Iranian Foreign Minister Mohammad Javad Zarif warned against an arms race in the Middle East, confirming that the United States has turned the Gulf into a "tinderbox ready to blow up" by selling weaponry to certain regional countries.

Zarif, who is on an official visit to Qatar, made the remarks in an exclusive interview with the Doha-based television network Al Jazeera on Monday.

"The US [sold] $50bn worth of weapons to the region last year. Some of the countries in the region with less than a third of our population spend $87bn on military procurement. Let's make a comparison; Iran spent last year $16bn on all its military with almost one million people in the army," the top Iranian diplomat said.

He further added: "The UAE with a total population of one million spent $22bn, Saudi Arabia spent $87bn.

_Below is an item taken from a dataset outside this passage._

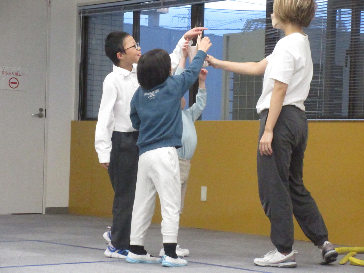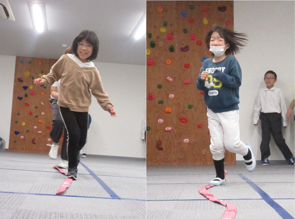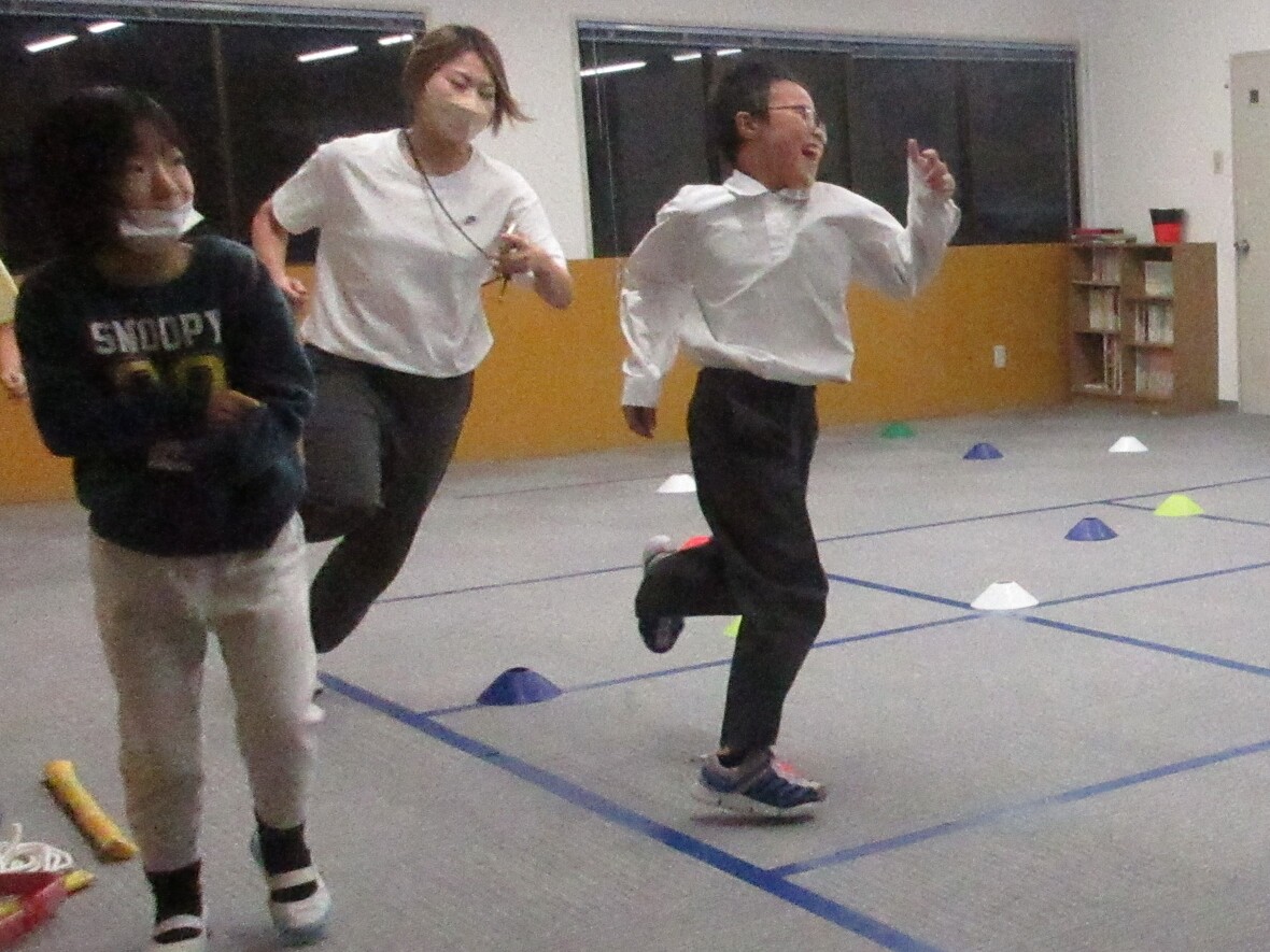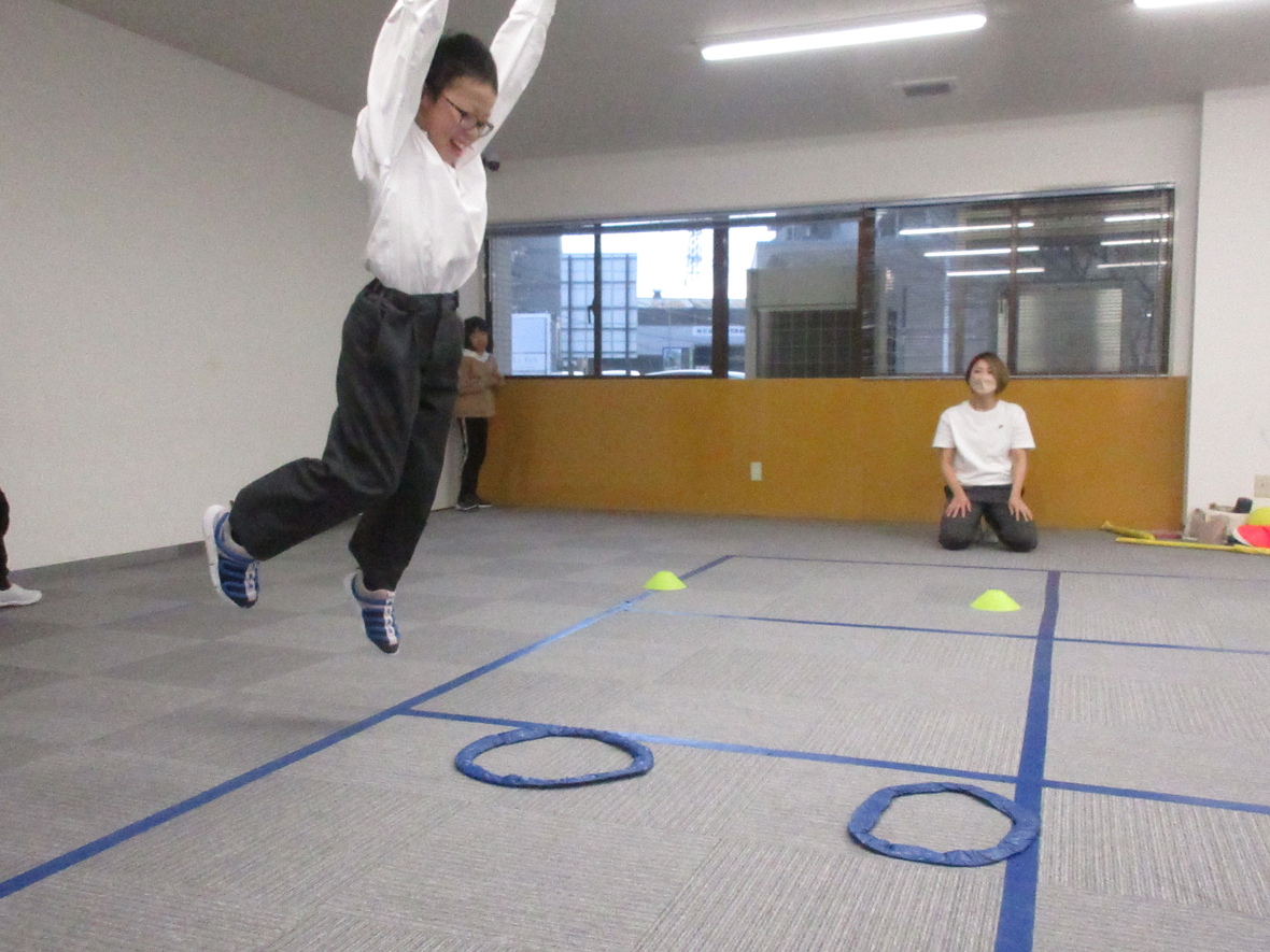 2023年11月30日(木) スタッフブログ ナツミ先生と”かけっこ&リレー”(フィットネスプログラム) フィットネスプログラムでは、子どもの体力向上を目的として、いろいろな運動を行っています。その中でも”かけっこ”は、多くのスポーツの基礎となる大切な全身運動です。また”リレー”はひとりひとりの体力に違いがあっても、チームワークでカバーできるので、楽しみながら行うことができますね!!みんなの笑顔がはじけていました。 準備運動のジャンプ!! 輪っかの色をよく見て身体を動かしてます! よく跳んでいます 狙いを定めて…… ジグザグ道のうえを歩いてみます さあ!チーム分け 先生も一生懸命 あ~抜かれる 頭に乗せたカラーコーンを落とさないようにゴールへ!

If you are talking about threats coming from the region, the threats are coming from the US and its allies who are pouring weapons in the region, making it a tinderbox ready to blow up.”

Pointing to a recent US decision to form a naval coalition with the declared aim of protecting commercial shipping in the Gulf, Zarif went on to say that the presence of more warships in the region would only lead to more insecurity.

"This is a tiny body of water and the more foreign naval vessels you have in this body [of] water the less secure it is for everybody. Based on experience, the presence of US and foreign naval fleet in the Persian Gulf has never produced security," he said.

"We have sad memories of a US ship downing an Iranian airliner in 1988 [and] killing 290 passengers. We believe the best the Americans can do for protection of maritime navigation is to just leave people alone. Don't interfere, this is a hostile act against Iran and I don't believe [it would have] any other impact other than insecurity," he noted.

In a meeting with his Qatari counterpart, Mohammed bin Abdulrahman Al Thani, held earlier in the day, Zarif strictly renounced the idea of foreign military presence in the Persian Gulf as a "failure in advance" and said the move would further complicate the situation in the region.